Earnings/Potential Value

NCR Corporation (NCR), the ATM and point-of-sale manufacturer, reported strong results on Thursday with FX neutral revenue growth of 9% and adjusted EPS growth of 47%.  POS sales were strong enough to more than offset a small decline in ATM sales.  However the company has moved on from being just a hardware manufacturer with accounting software and services now accounting for 28% of revenue and a remarkable 78% of operating income.   Importantly, this segment saw 8% growth with gross margins of 51.3%.

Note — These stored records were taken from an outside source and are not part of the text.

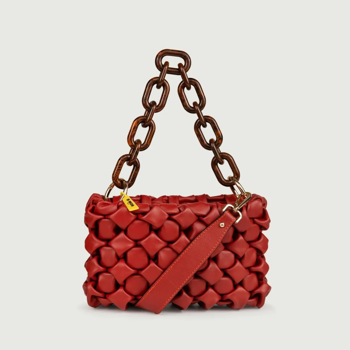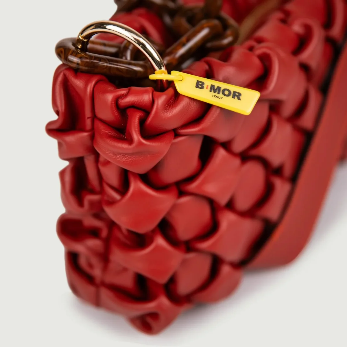 Borsa in morbida pelle intrecciata color mattone “Curly”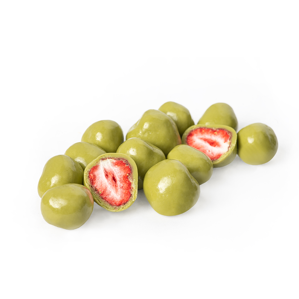 The freeze-dried strawberries in white chocolate with matcha are an excellent choice for those wanting a unique sweet treat. The sweet and tart strawberries, the strong flavour of the white chocolate and the slight bitterness of the tea result in expertly balanced flavour, colour and aroma. Matcha is a type of green tea with a mildly bitter, strong flavour that perfectly complements both the white chocolate and the strawberries.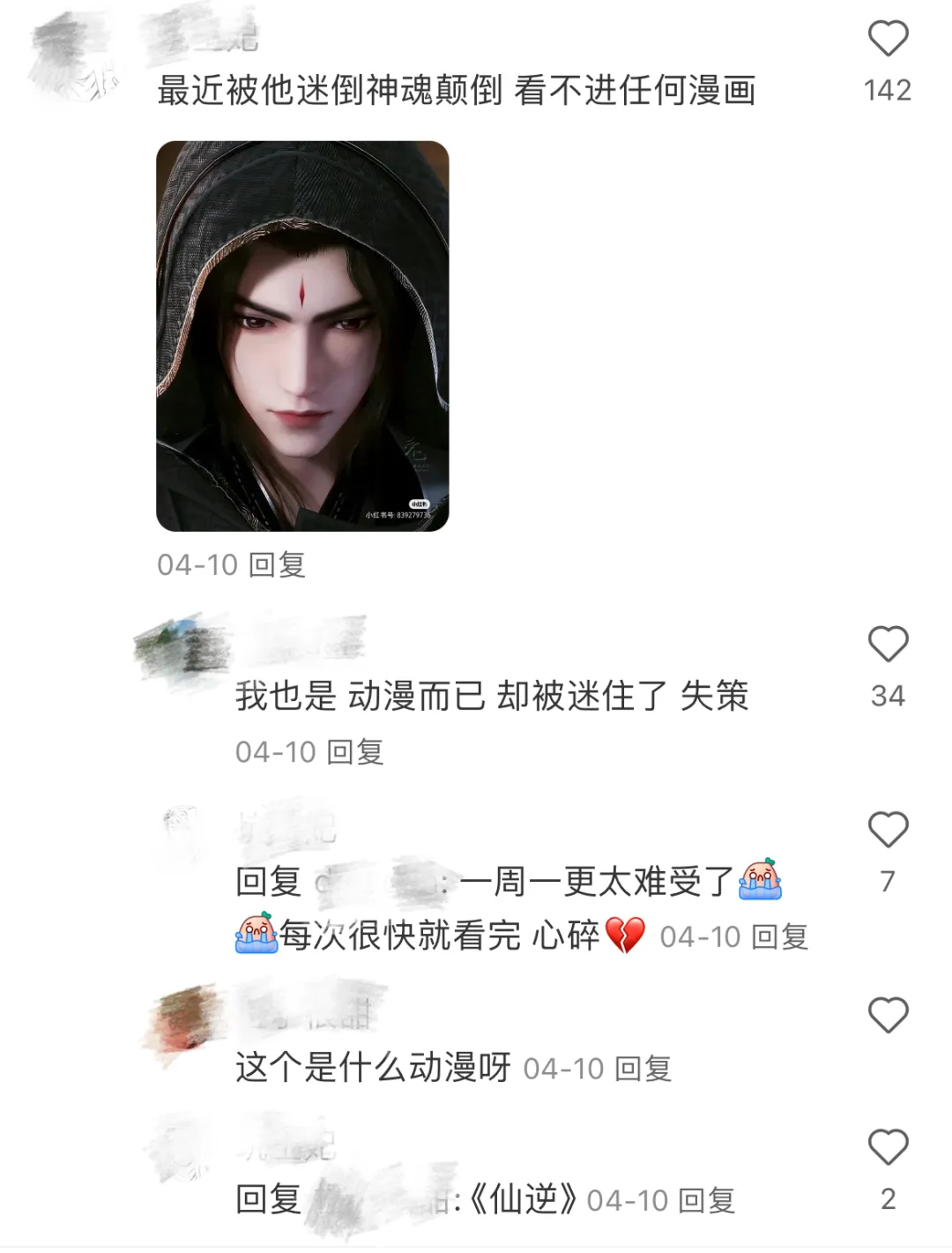 如此便有了開頭的一幕。《仙逆》的粉絲會第一時間為男主的每一個新造型提供海量反饋,優化意見具體到劉海的形狀、指甲的長短,也會直言劇情改編哪裏令人舒適、哪裏可能欠妥,甚至還會從宣發角度出謀劃策。這屆國漫粉真是既卷官方也卷自己,誓要將這個“雲監工”當出水平、當出風采。

Despite the strong results, the stock fell by 8.3% on Friday as the market was disappointed by lower guidance on a GAAP basis which was caused by the repurchase of preferred shares in March in excess of the carrying value.  The preferred stocks formed part of a 2015 Blackstone investment that with hindsight looks like a bad deal for NCR.  However with $776 million of preferred stock still outstanding compared to cash of $400 million and annual operating cash flow of $850 million it does not change the overall dynamics of the investment thesis.

The company has raised non-GAAP guidance by $0.05 to a range of $3.32 to $3.42  which would represent a 12% YOY increase at the mid-point.  This looks conservative given 8% growth in its software segment and 50% operating margins.  That alone should drive earnings growth closer to 20%.  However the stock looks cheap even using the more conservative guidance and Friday’s drop provides an excellent entry point, priced on $40.94 with a TTM PE of 13.6 and forward multiple of 12.1.  Read Fool article on NCR

Growth at a reasonable price

Tucows Inc (TCX), the second-largest domain registry in the world, has seen its stock rise by 160% over the past year but still has a market cap of only $600 million.  Additionally, given annual EPS growth of 37%, the current PE of 38.6 still looks pretty reasonable.

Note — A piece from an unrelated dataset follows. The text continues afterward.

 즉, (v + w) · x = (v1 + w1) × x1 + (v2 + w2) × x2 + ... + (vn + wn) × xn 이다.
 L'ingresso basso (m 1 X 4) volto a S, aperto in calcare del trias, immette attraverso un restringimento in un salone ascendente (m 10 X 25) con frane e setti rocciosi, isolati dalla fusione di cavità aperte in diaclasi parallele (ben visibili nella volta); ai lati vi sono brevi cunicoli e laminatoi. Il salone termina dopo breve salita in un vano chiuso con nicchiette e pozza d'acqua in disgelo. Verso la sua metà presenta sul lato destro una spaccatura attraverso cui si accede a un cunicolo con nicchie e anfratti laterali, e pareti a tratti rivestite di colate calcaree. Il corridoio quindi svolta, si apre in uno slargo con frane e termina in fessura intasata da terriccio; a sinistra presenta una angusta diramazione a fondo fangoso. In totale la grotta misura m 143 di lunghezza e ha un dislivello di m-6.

Domain services remains Tucows’ largest segment but the company also benefits from a fast growing and highly profitable mobile business which now accounts for about $70 million or 40% of revenues.  With a high level of customer satisfaction, gross margins of 50% and mobile subscribers increasing by 60% from 94,000 in 2014 to 151,000 in 2016, mobile seems to be a highly profitable segment with the potential for plenty of future growth.  Furthermore the company has announced plans to roll out fiber to the home services which offers a huge opportunity to add another $50 or $60 million to revenues also at healthy margins of 35% to 45%.

The stock is up significantly this year but given the numerous growth drivers it still looks cheap.  Read Fool article on TCX

April 21, 2017

Growth at a reasonable price

Forget about Elon Musk, Jirka Rysavy has a history of over delivering.  He grew Corporate Express revenues from $621 million in 1991 to $3.75 billion in 1999 when it merged with BT Office Products and has realised huge profits on selling ventures Crystal Market and Natural Habitat.  Now he is focused on Gaia Inc (GAIA) a video streaming company with a focus on alternative health and spiritual growth.   I have no insight into this sector other than it is a brave person who bets against Mr Rysavy and he owns 38% of Gaia stock.  The company has achieved subscriber growth rates of 58% and 52% in the past two years and expects this rate to increase to 80% in 2017.  The company has no debt and expects to be self financing.  Company forecasts put pre-tax profits at $60 million in 2021 compared to current market cap of $175 million.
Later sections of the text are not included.